Models a distribution p(X) or a conditional distribution p(X | Y), where each variable can consist of multiple modalities. The target variable X, whose distribution is modeled, is specified through the `input_shapes` argument, which is a map between modalities (strings) and expected shapes. In this way, a variable that consists of multiple kinds of data (e.g. image and flat-dimensional) can be modeled as well. A separate `output_shapes` argument is used to specify the expected reconstructions - this allows for asymmetric reconstruction (for example, reconstructing low-resolution images).

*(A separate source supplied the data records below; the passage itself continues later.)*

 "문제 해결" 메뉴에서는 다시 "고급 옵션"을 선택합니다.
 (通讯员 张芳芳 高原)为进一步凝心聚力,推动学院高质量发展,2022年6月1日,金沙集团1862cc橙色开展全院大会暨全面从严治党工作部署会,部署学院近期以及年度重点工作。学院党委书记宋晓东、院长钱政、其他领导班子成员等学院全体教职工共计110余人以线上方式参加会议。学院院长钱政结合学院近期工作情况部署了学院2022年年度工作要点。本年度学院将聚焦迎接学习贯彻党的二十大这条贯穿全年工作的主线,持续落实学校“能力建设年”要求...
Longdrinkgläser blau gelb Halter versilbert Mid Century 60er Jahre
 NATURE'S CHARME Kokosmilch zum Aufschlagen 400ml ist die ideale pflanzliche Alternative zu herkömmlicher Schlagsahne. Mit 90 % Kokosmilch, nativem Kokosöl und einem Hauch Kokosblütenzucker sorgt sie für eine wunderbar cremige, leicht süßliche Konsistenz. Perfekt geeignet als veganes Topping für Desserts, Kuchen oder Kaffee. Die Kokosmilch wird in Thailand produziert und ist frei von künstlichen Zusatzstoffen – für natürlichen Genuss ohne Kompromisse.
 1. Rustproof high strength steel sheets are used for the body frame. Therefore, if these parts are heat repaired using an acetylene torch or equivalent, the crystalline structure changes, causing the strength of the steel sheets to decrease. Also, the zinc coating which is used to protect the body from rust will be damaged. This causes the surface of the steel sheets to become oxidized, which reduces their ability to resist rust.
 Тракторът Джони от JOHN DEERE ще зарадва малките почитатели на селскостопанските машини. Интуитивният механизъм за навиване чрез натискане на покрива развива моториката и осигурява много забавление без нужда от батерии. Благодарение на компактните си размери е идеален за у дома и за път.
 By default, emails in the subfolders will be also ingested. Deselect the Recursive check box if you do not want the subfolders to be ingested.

This implementation supports learning conditional distributions as well (cVAE). The conditioning variable Y is specified through the `condition_shapes` argument, which is also a map between modalities (strings) and expected shapes. In this way, variables with multiple kinds of data (e.g. image and flat-dimensional) can jointly be conditioned on. By default, the decoder takes the conditioning variable Y as input. To force the decoder to reconstruct from just the latent, set `decoder_is_conditioned` to False (in this case, the prior must be conditioned).
The implementation also supports learning expressive priors instead of using the usual N(0, 1) prior. There are three kinds of priors supported - Gaussian, Gaussian Mixture Model (GMM), and Categorical. For each prior, the parameters can be learned as independent parameters, or be learned as functions of the conditioning variable Y (by setting `prior_is_conditioned`).
### GaussianPrior
- A class that holds functionality for learning both unimodal Gaussian priors and multimodal Gaussian Mixture Model priors for use in VAEs. Supports learnable priors, learnable / fixed mixture weights for GMM, and observation-conditioned priors,
### CategoricalPrior
- A class that holds functionality for learning categorical priors for use in VAEs.